_Aim of the task_. Omit the pictures and return every entry exactly as written.

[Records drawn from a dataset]
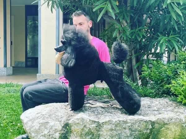 Even as a four week old puppy Richard was eye catching. His big thick black coat covers one of the best bodies I've ever put my hands on. I love to watch him float around the ring with his long neck, perfect carriage on tight thick feet. Finally its the temperament - confident, loving, joyful - well happiness . . . amplified.
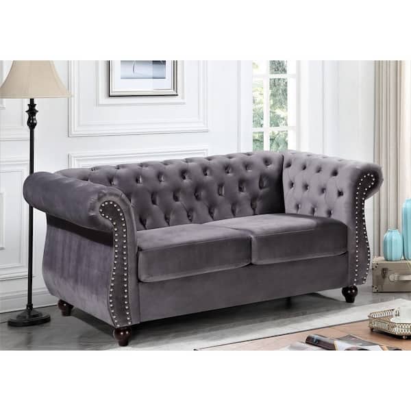 Feinstein 67.6 in. Gray Velvet 2-Seater Upholstered Loveseat
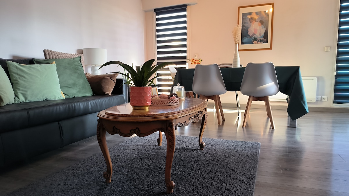 Escápese en pareja o con amigos en este apartamento atípico. Este sótano ofrece todas las comodidades de un apartamento con, en la planta baja, su cocina equipada y amueblada. Un baño, una sala de estar con un sofá cama que ofrece una cama de 140x190, un dormitorio con una cama tamaño Queen. En el sótano, la bodega ha sido completamente renovada y rediseñada para su disfrute. Un SPA para 4 personas, climatizado, con chorros de hidromasaje y un proyector para ver sus películas o series.
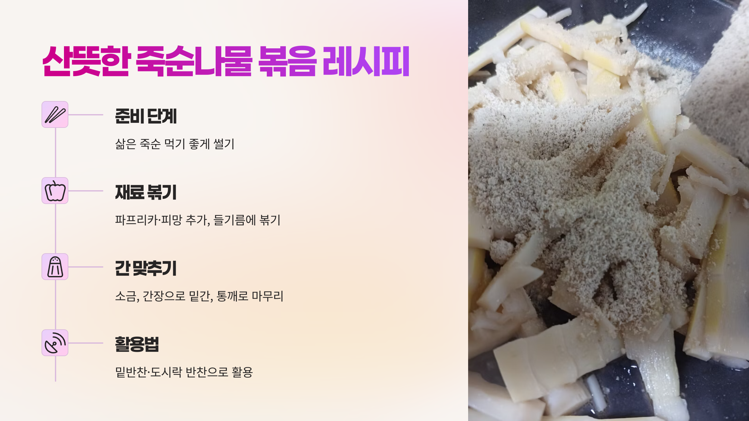 - 죽순이 부드러워지면 국간장과 소금으로 간을 하고, 들깻가루와 다진 파를 넣어 가볍게 섞어 마무리합니다.
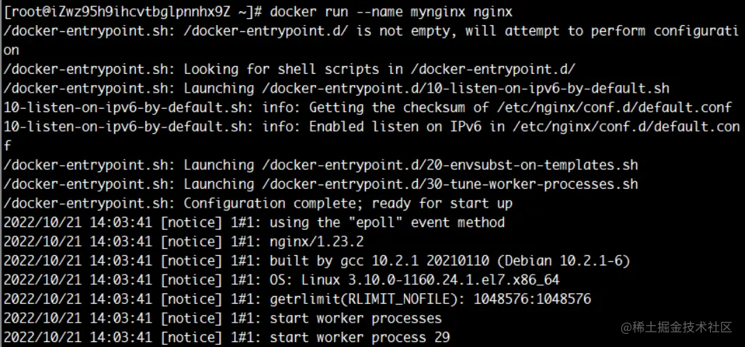 docker run --name mynginx nginx启动容器,并且命名为mynginx
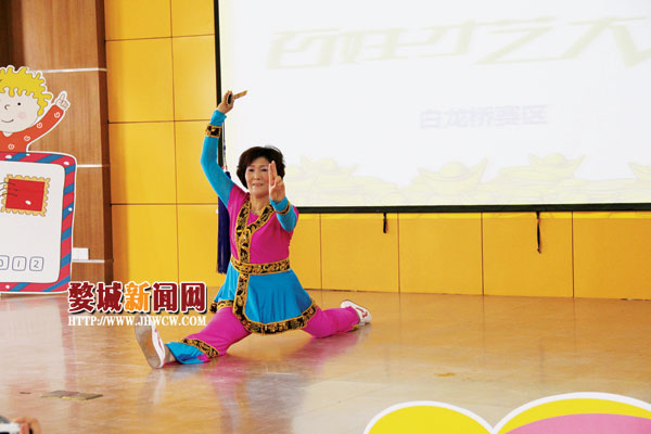 同住华电新村社区的居民张珍武更是巾帼不让须眉,带来独舞,惊艳全场。虽然已有58岁,但张珍武右手舞剑显得英姿飒爽,最后以“一”字劈叉结尾更是获得观众雷鸣般的掌声。“每天早上6:30就和队友们一起练剑了,风雨无阻,不仅身体更健康了,也获得了很多的荣誉。”张珍武说,大家有共同的兴趣爱好,组成了十二局舞剑队,还到香港、宁波等地比赛,多次获得金奖。
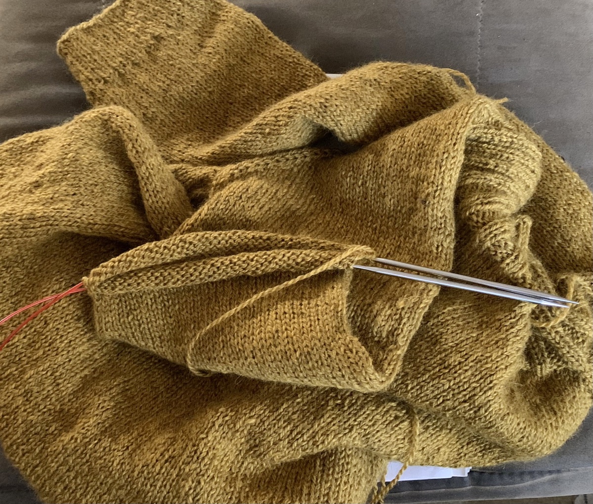 Pull some of the cable from about halfway around. Now you have split the knitting into 2 sections. They don’t have to be exact for most items. Knit one side following your pattern (mine for this sweater is simply knitting around). When you reach the pulled out cord, figure the needles to continue knitting around as usual. It means pulling one needle out – the one where the yarn is hanging. Then, use that needle to continue knitting. Mark the beginning of round so you don’t get confused.

_Solution for this task_.
 Even as a four week old puppy Richard was eye catching. His big thick black coat covers one of the best bodies I've ever put my hands on. I love to watch him float around the ring with his long neck, perfect carriage on tight thick feet. Finally its the temperament - confident, loving, joyful - well happiness . . . amplified.
 Feinstein 67.6 in. Gray Velvet 2-Seater Upholstered Loveseat
 Escápese en pareja o con amigos en este apartamento atípico. Este sótano ofrece todas las comodidades de un apartamento con, en la planta baja, su cocina equipada y amueblada. Un baño, una sala de estar con un sofá cama que ofrece una cama de 140x190, un dormitorio con una cama tamaño Queen. En el sótano, la bodega ha sido completamente renovada y rediseñada para su disfrute. Un SPA para 4 personas, climatizado, con chorros de hidromasaje y un proyector para ver sus películas o series.
 - 죽순이 부드러워지면 국간장과 소금으로 간을 하고, 들깻가루와 다진 파를 넣어 가볍게 섞어 마무리합니다.
 docker run --name mynginx nginx启动容器,并且命名为mynginx
 同住华电新村社区的居民张珍武更是巾帼不让须眉,带来独舞,惊艳全场。虽然已有58岁,但张珍武右手舞剑显得英姿飒爽,最后以“一”字劈叉结尾更是获得观众雷鸣般的掌声。“每天早上6:30就和队友们一起练剑了,风雨无阻,不仅身体更健康了,也获得了很多的荣誉。”张珍武说,大家有共同的兴趣爱好,组成了十二局舞剑队,还到香港、宁波等地比赛,多次获得金奖。
 Pull some of the cable from about halfway around. Now you have split the knitting into 2 sections. They don’t have to be exact for most items. Knit one side following your pattern (mine for this sweater is simply knitting around). When you reach the pulled out cord, figure the needles to continue knitting around as usual. It means pulling one needle out – the one where the yarn is hanging. Then, use that needle to continue knitting. Mark the beginning of round so you don’t get confused.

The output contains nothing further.